David took advantage of Richard's lessened assault on the gas pedal and pried himself away from his seat back. "Excuse me, I didn't invite myself over to your place for an overnight stay. I didn't bring a drug dealer's stash of cocaine along for the ride. And most importantly, I'm not playing it off like it isn't any big thing." He sighed and gave into g-forces again. "And let it be known how much of a favour I'm doing you by not telling Alex--not now, not ever."

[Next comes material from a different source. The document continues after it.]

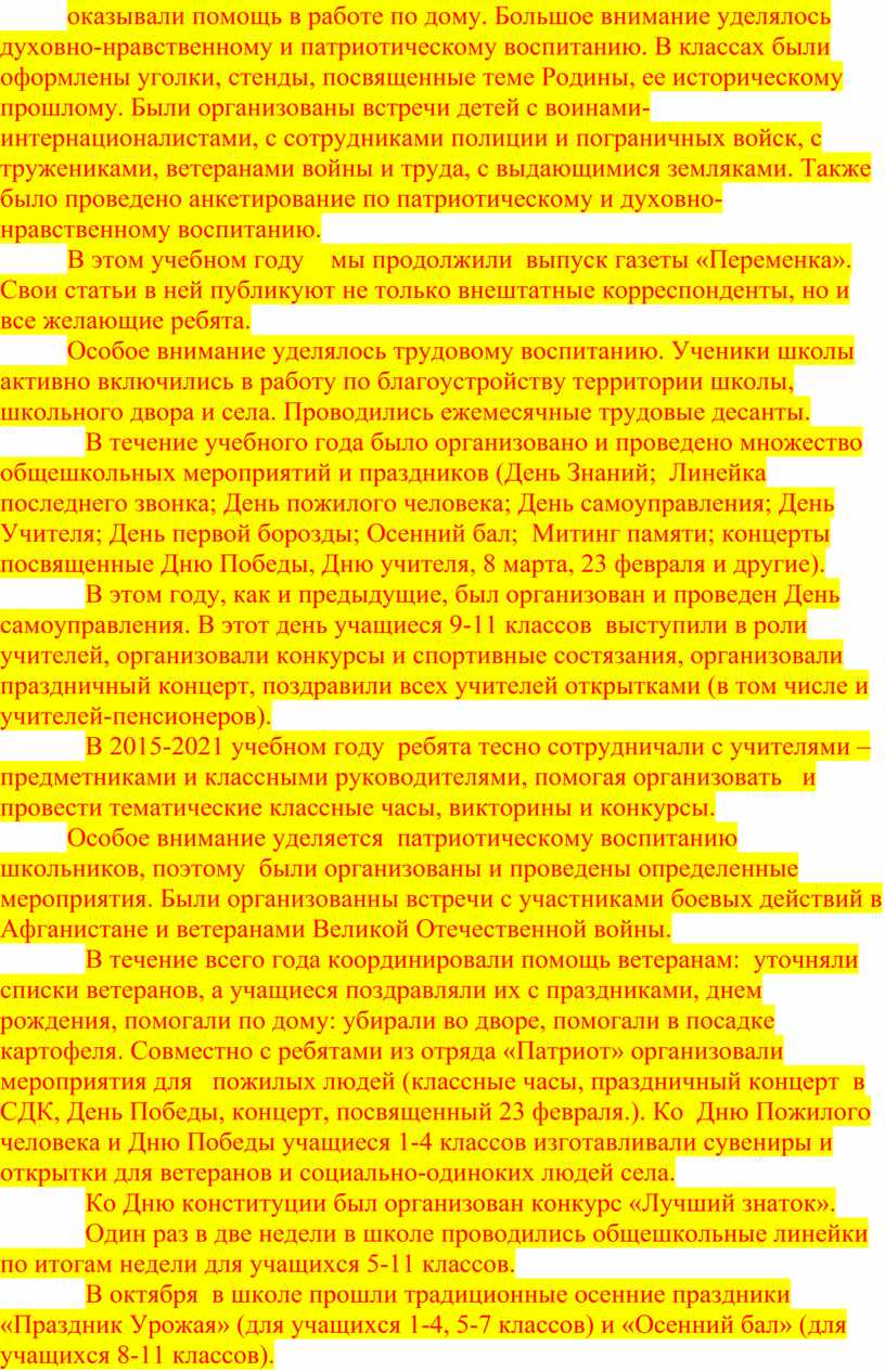 В течение всего года была объявлена акция «Оглянись вокруг», в рамках которой была организована работа по оказанию шефской помощи пожилым и одиноким людям села, ветеранам ВОВ, для них ребята готовили подарки, дарили цветы, готовили концертную программу, угощали чаем, оказывали помощь в работе по дому. Большое внимание уделялось духовно-нравственному и патриотическому воспитанию. В классах были оформлены уголки, стенды, посвященные теме Родины, ее историческому прошлому. Были организованы встречи детей с воинами-интернационалистами, с сотрудниками полиции и пограничных войск, с тружениками, ветеранами войны и труда, с выдающимися земляками. Также было проведено анкетирование по патриотическому и духовно-нравственному воспитанию.

"Excommunication from the Merrick household? Fuck me, I didn't even have to tear up a picture of the Popeohshit." Richard slammed on the brakes, throwing Richard nearly two feet forward in his seat and turning several loose items from the hoarder's nirvana that was the Geo's back seat into low-flying projectiles. The car stopped a metre short of the public works truck, leaving both men shaken and nearly speechless.

Richard, as was to be expected, was the first to speak. "Huh, look at that. We nearly died."

"I swear to Christ, being within ten feet of you is tantamount to courting death," David murmured, shaken.

"I'm rather proud of me, too," Richard replied, popping a stick of gum into his mouth as he pulled off to the side of the road to collect himself. That accomplished, he sighed and looked around the mess that constituted the interior of his car. "Where we going someplace?"

"Grocery store," David breathed.

Richard cocked an eyebrow. "There's a grocery store around here?"

"Three blocks ago, actually. I'd be more pissed at you missing the turn except I'm too distracted by our recent near-death experience." He exhaled and grabbed a stick of Richard's gum. "That and I don't think I told you where we were going in the first place. I figure my getting pissed would be a dick move at this point."

Richard nodded. "You're learning well," he said, and with David turned his attention to the cars passing them by.